**Dataset content**
____

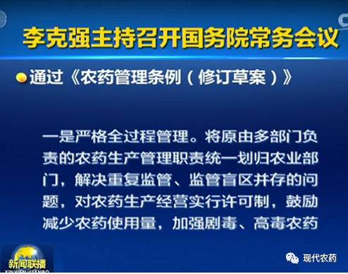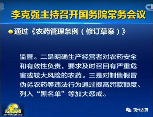 2月8日,李克强总理主持召开国务院常务会议。会议通过《农药管理条例(修订草案)》,草案围绕保障农产品质量安全:
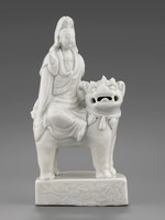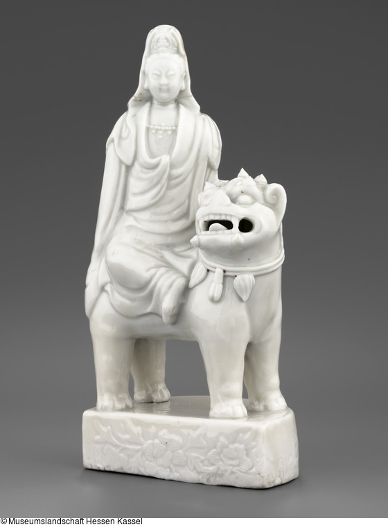 Porzellan; Blanc de Chine (?), Reste von Kaltbemalung (Halsband Löwe) |
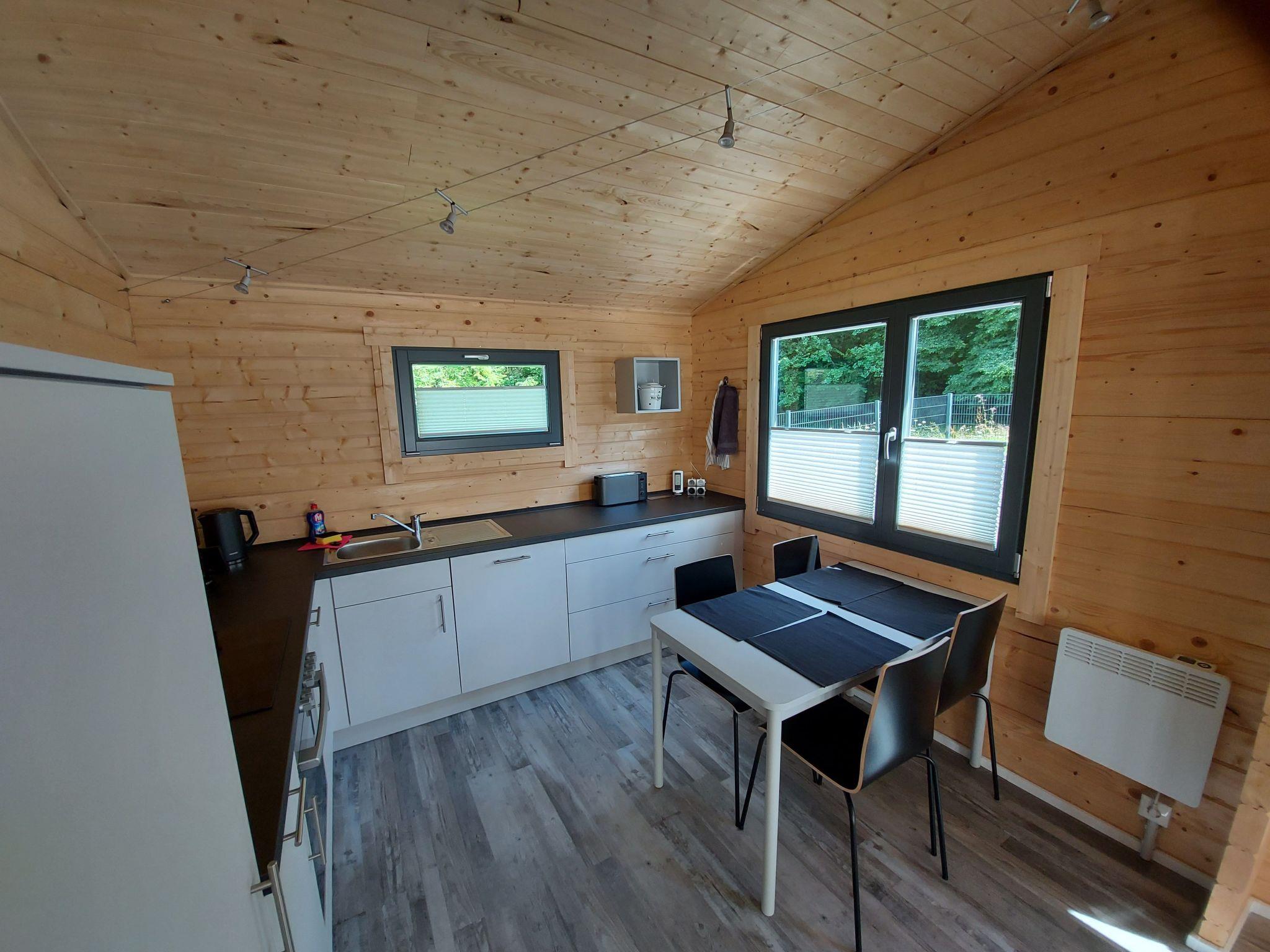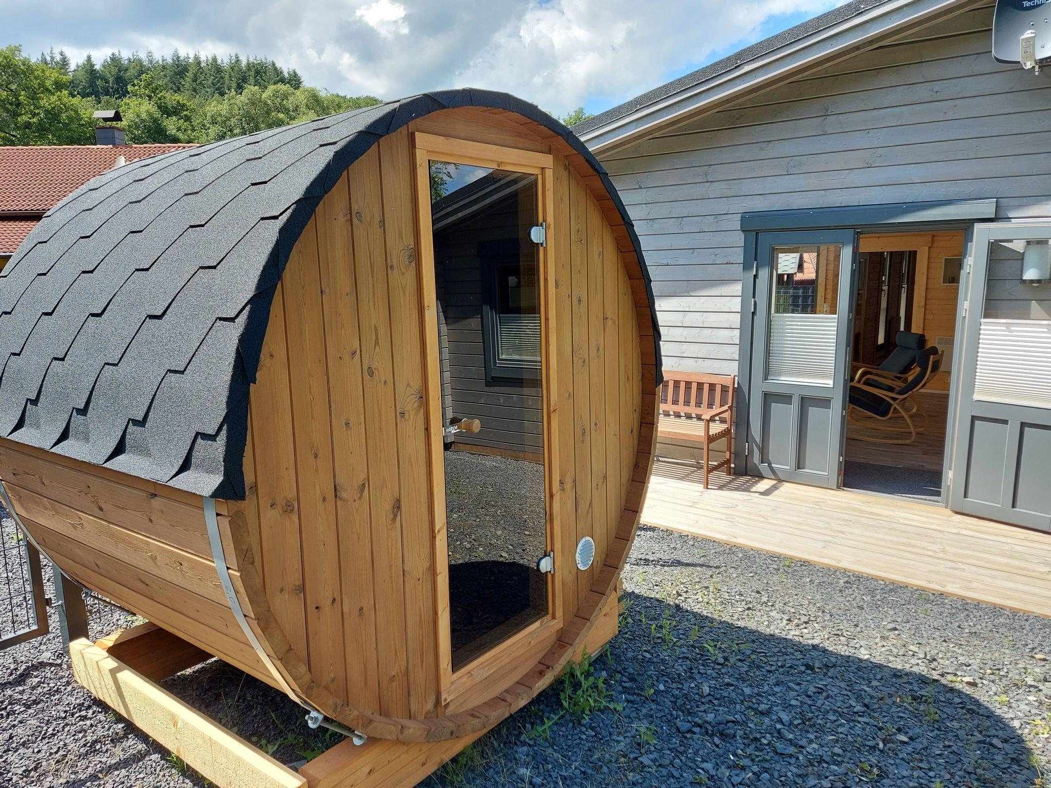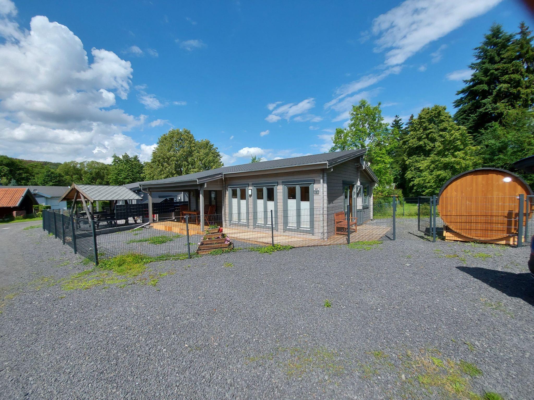 Our holiday home is located in a weekend house area in the Westerwald. The holiday home is available for sole use with a fenced property area of approx. 330 square metres. In the outdoor area there is a terrace sauna for 1-2 persons. The ground is typical Westerwald basalt.

____

**Task objective**
Could the data above be repeated exactly, with every picture dropped?

**Problem solution**
 2月8日,李克强总理主持召开国务院常务会议。会议通过《农药管理条例(修订草案)》,草案围绕保障农产品质量安全:
 Porzellan; Blanc de Chine (?), Reste von Kaltbemalung (Halsband Löwe) |
 Our holiday home is located in a weekend house area in the Westerwald. The holiday home is available for sole use with a fenced property area of approx. 330 square metres. In the outdoor area there is a terrace sauna for 1-2 persons. The ground is typical Westerwald basalt.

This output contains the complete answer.